One key problem highlighted by the researchers is the unclear definition of vaccinated and unvaccinated individuals in the clinical trials. They found varying definitions of fully vaccinated and unvaccinated, with a tendency to ignore COVID infections in partially vaccinated individuals. This lack of clarity could lead to misleading results.
Another concern raised by the researchers is the evaluation of vaccine effects from a later date, rather than from the day the vaccines are administered. This approach inflates the perceived efficacy and safety of the vaccines. In fact, the researchers suggest that it could make an ineffective vaccine appear to have up to 48 percent efficacy. This finding is based on a paper authored by Professor Peter Doshi from the University of Maryland and others.
The researchers also point out that the timing of COVID cases in vaccinated individuals is counted weeks after vaccination, rather than immediately after. For example, in Pfizer's clinical trials, a person is considered vaccinated and their COVID cases are counted a week after they receive the second dose.
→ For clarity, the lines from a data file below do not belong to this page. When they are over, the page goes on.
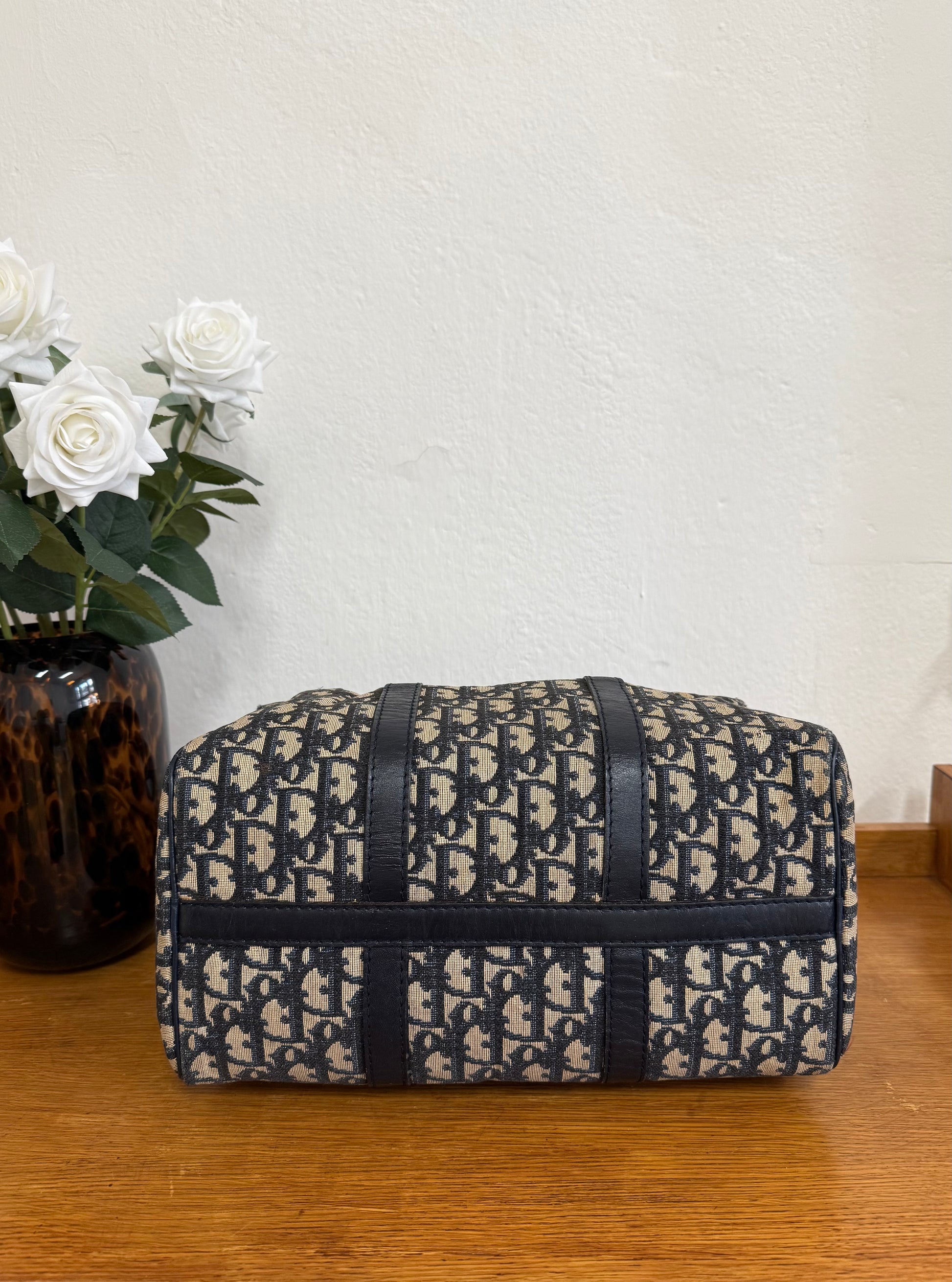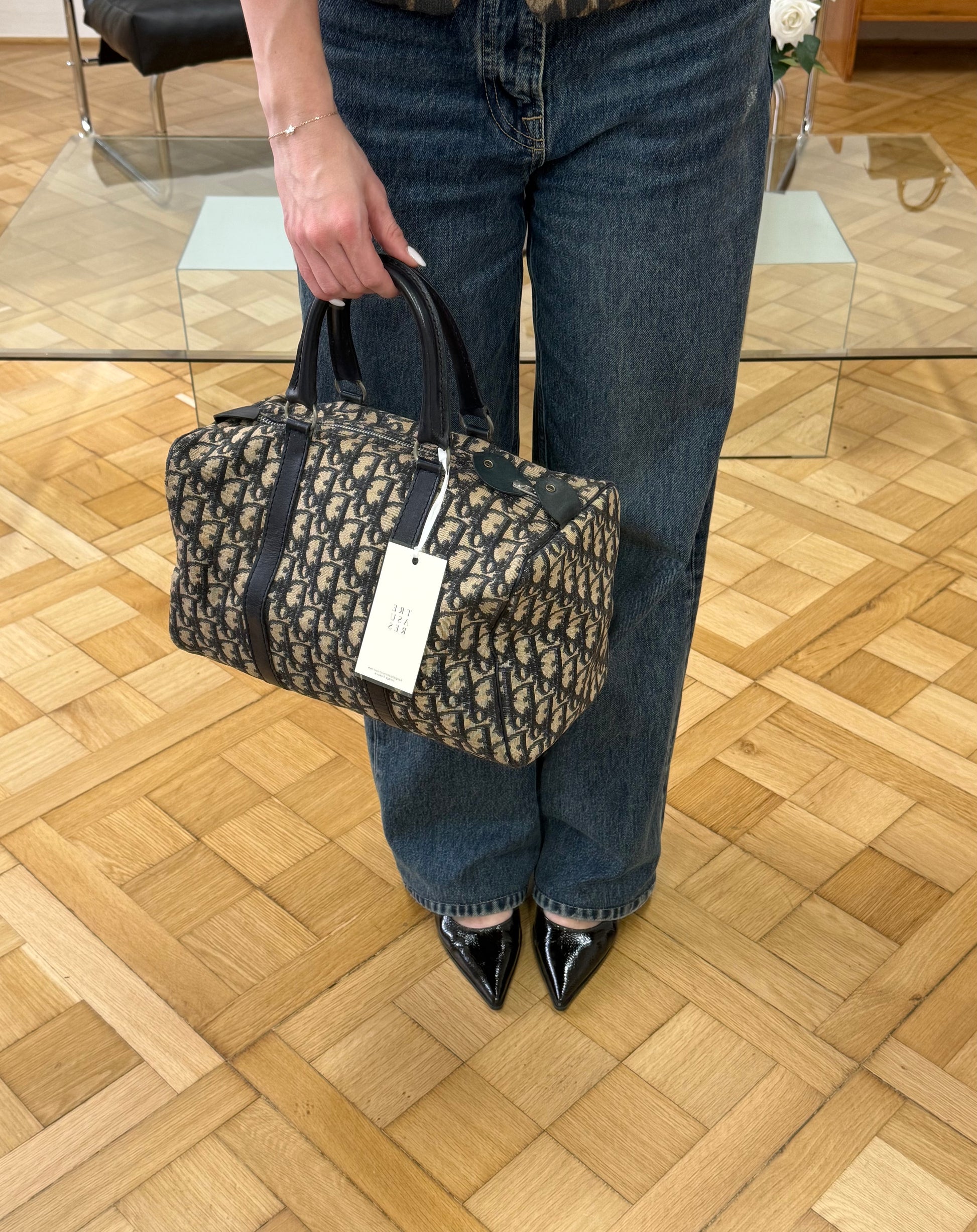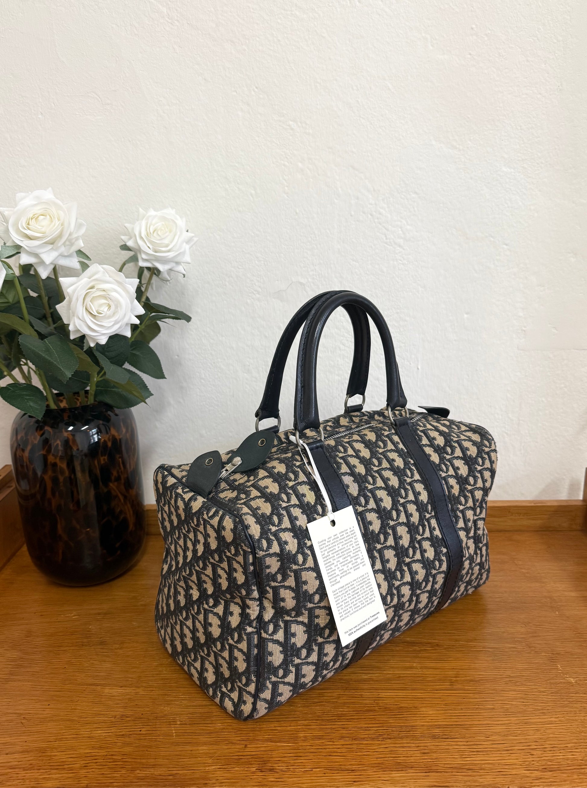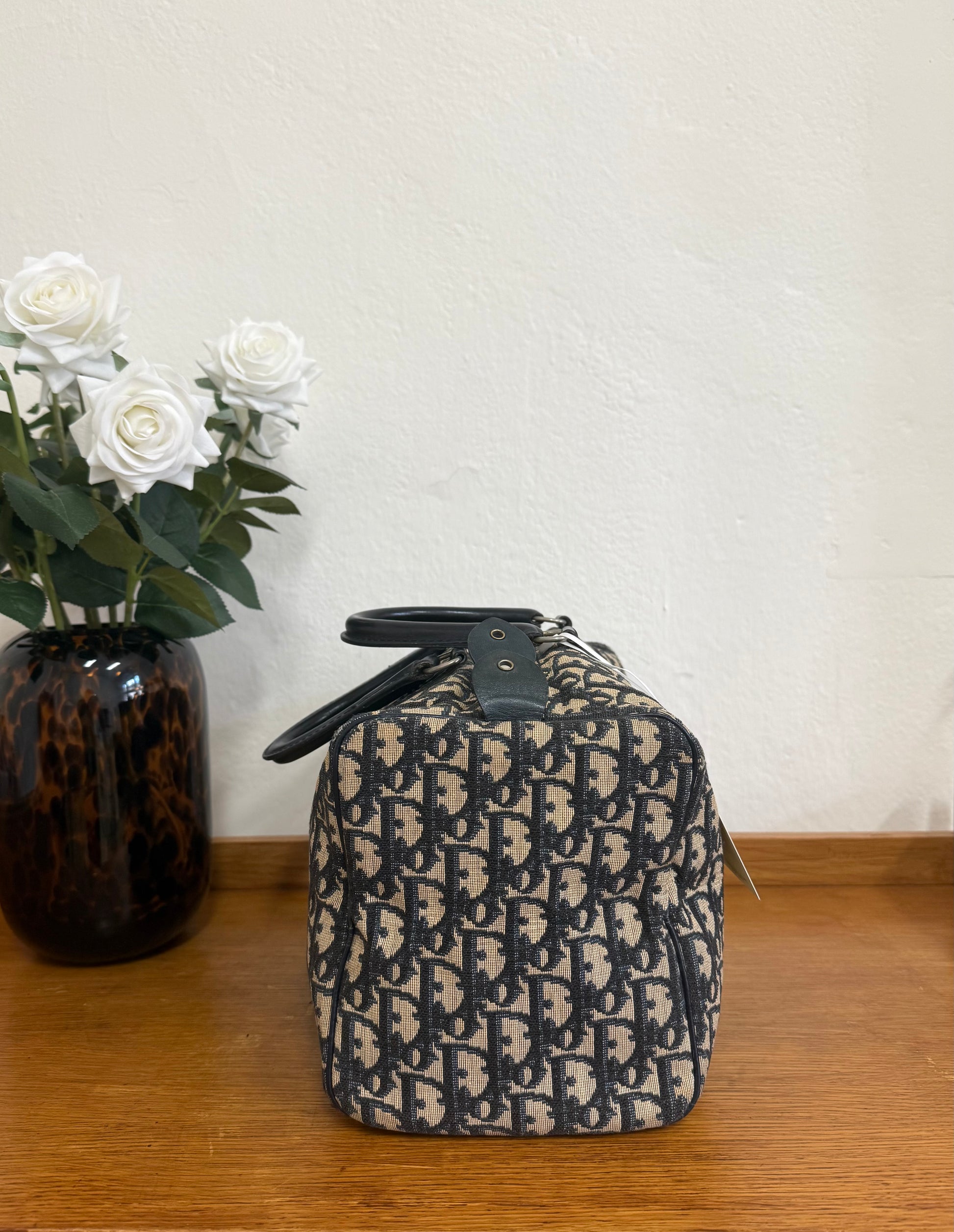 Ikonická Dior trotter boston bag v Dior Oblique monogram canvasu s tmavě modrými koženými detaily. Nadčasová a praktická kabelka, která skvěle funguje jako každodenní společník.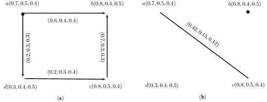 Suppose , h, is an IN-digraph. The m-step INC-graph of IN-digraph is denoted by , h, , which has the same intuitionistic neutrosophic set of vertices as in and has an edge between two vertices w, in if and only if is a non-empty IN-set in . The truth-membership value of edge , in is , ; the indeterminacy-membership value of edge , in is , ; and the falsity-membership value of edge , in is , .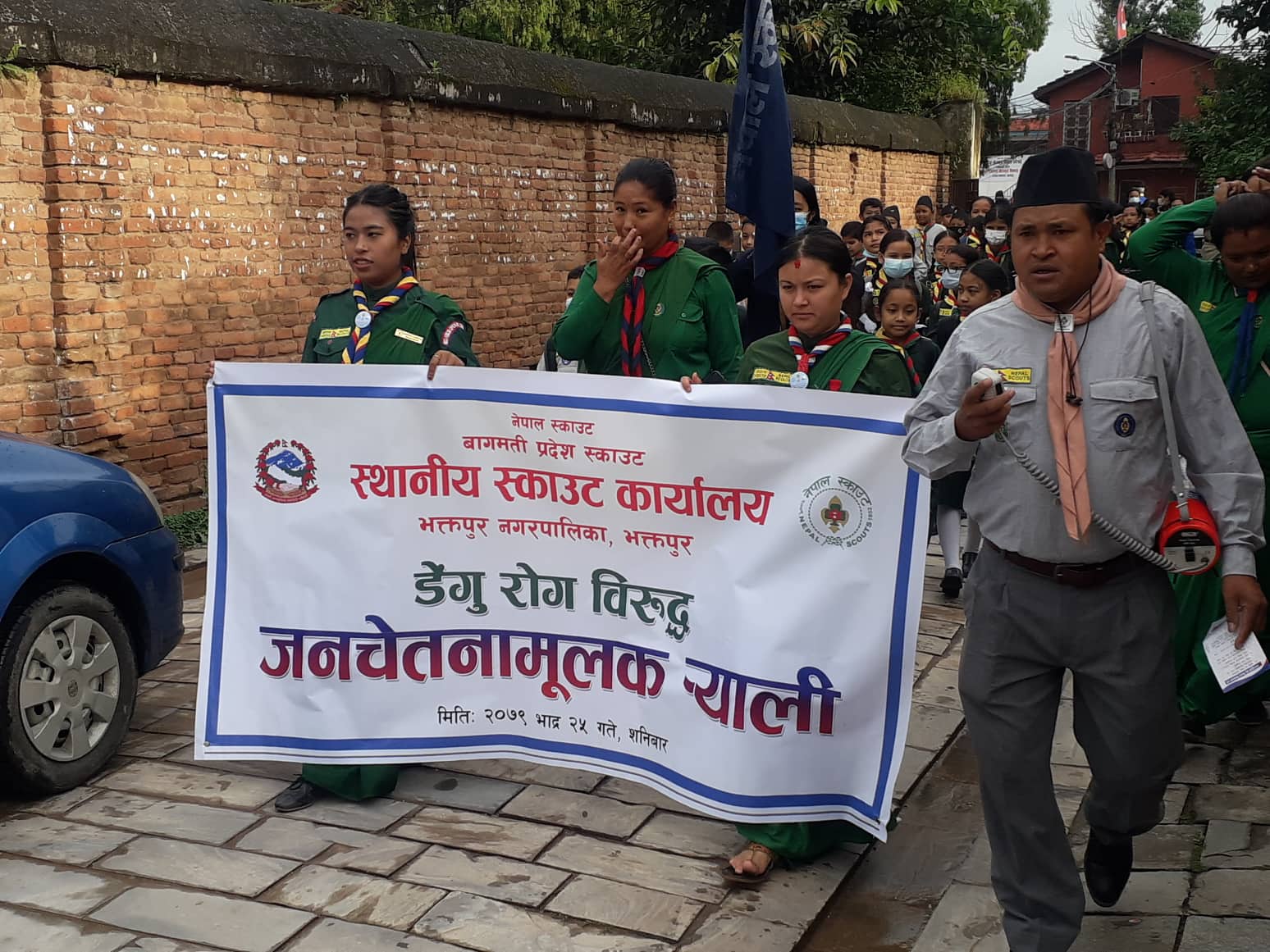 महामारीको रूपमा फैलिरहेको डेँगी रोग नियन्त्रणका लागि विभिन्न संस्थाले शनिबार भक्तपुरमा सचेतना र्याली निकालेका छन् । नेपाल स्काउट बागमती प्रदेश, भक्तपुर नगरपालिका, स्थानीय स्काउट समितिको आयोजनामा शनिबार सचेतना र्याली निकालिएको हो ।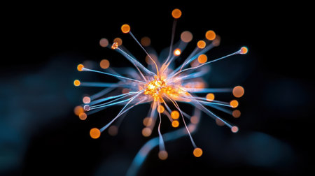 neon glowing microorganisms in colors on a black background. Bright abstract background perfect for any design. Generative AI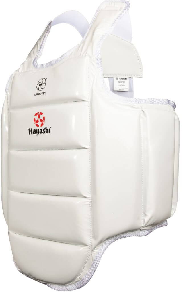 Le plastron Hayashi pour enfants, homologué WKF U14, offre une protection légère et efficace, avec un ajustement sécurisé et une liberté de mouvement idéale pour les jeunes karatékas.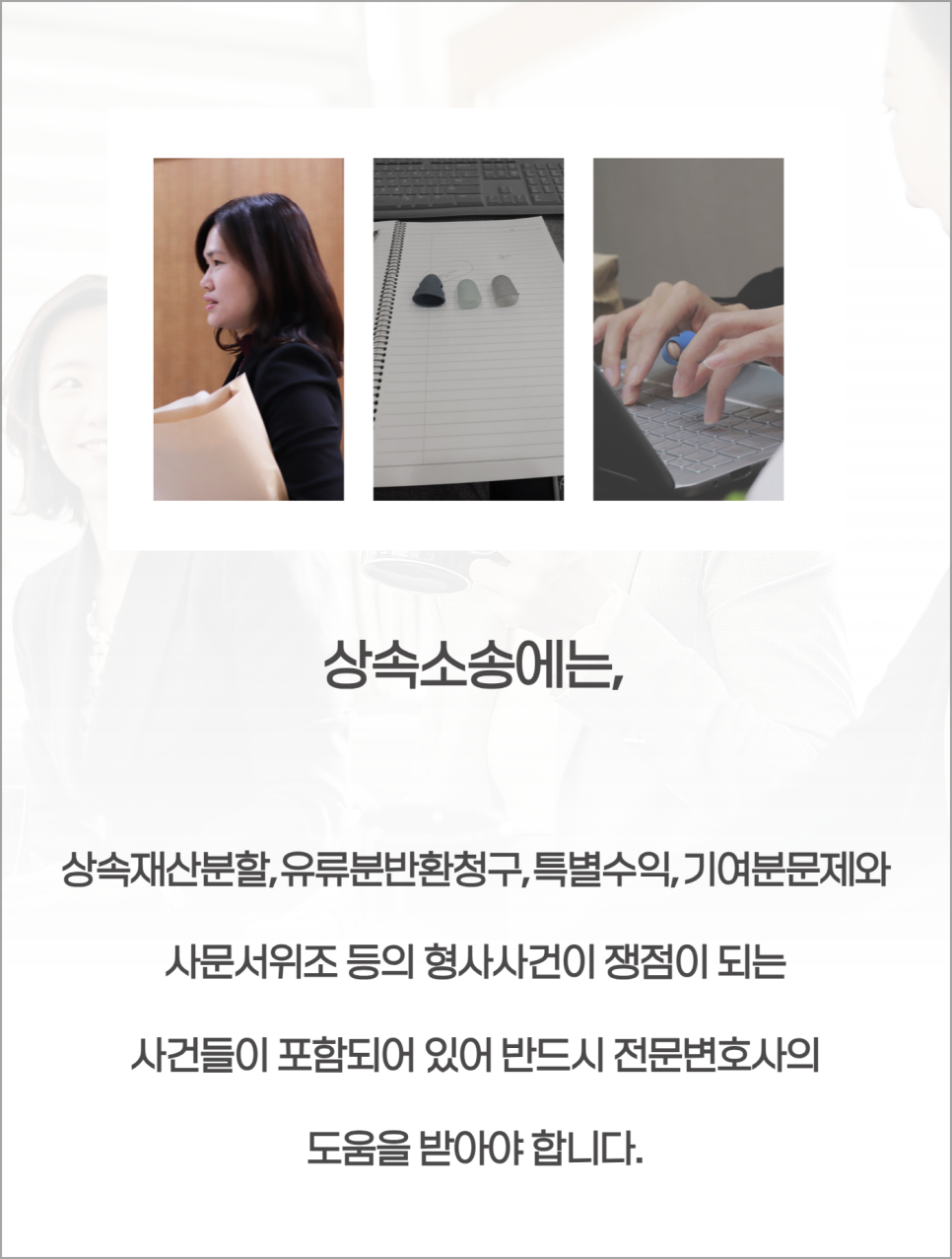 상속분쟁을 마무리할 수 있습니다. 상속소송의 경우 사전에 상속전문변호사의 도움을 받아 면밀하게 검토하여 대응하는 것이 반드시 필요할 것입니다.

This delay in counting cases could further contribute to an inflated perception of vaccine effectiveness.
Additionally, the researchers found that real-life factors during vaccine rollouts, such as older people being more likely to get vaccinated early on, could reduce the perceived vaccine efficacy. They argue that as COVID cases were peaking and people were building natural immunity to the virus, the subsequent decline in cases coincided with increased vaccination rates, creating a false perception of high efficacy.
The mRNA vaccines have been promoted as having saved millions of lives. However, the researchers caution that these statements may not reflect what actually happened in real life. They are currently partaking in a study to review whether the mRNA vaccines have indeed saved millions of lives.
Furthermore, the researchers have identified several problems with the studies that claim COVID-19 vaccines reduce severe disease, hospitalizations, and deaths. One of the major issues is the lack of a consistent definition of what counts as a vaccinated person.
The Pfizer clinical trials also acknowledged a significant number of suspected but unconfirmed COVID-19 cases, split almost evenly between the treatment and placebo groups. If all of these suspected cases were indeed COVID-19 cases, it would significantly impact the estimated vaccine efficacy.
Another concern raised by the researchers is the underreporting of adverse events. Adverse events that occur soon after vaccination may not be attributed to the vaccine if several weeks have passed since vaccination. This leads to an underestimation of adverse event rates. Additionally, adverse event reporting relies heavily on unsolicited reporting by vaccine participants, making it difficult to track serious adverse events, especially if they result in death.
The researchers also highlight the issue of “unblinding” the placebo group by later giving them the COVID-19 vaccines. This makes it impossible to compare the placebo and vaccine groups for potential long-term safety signals.
Overall, the researchers' findings raise important concerns about biases and manipulation in the clinical data of Pfizer and Moderna COVID-19 vaccines. These issues have the potential to impact the perception of vaccine efficacy and the understanding of vaccine safety. It is crucial for further research and transparency to address these concerns and ensure accurate assessment of COVID-19 vaccines.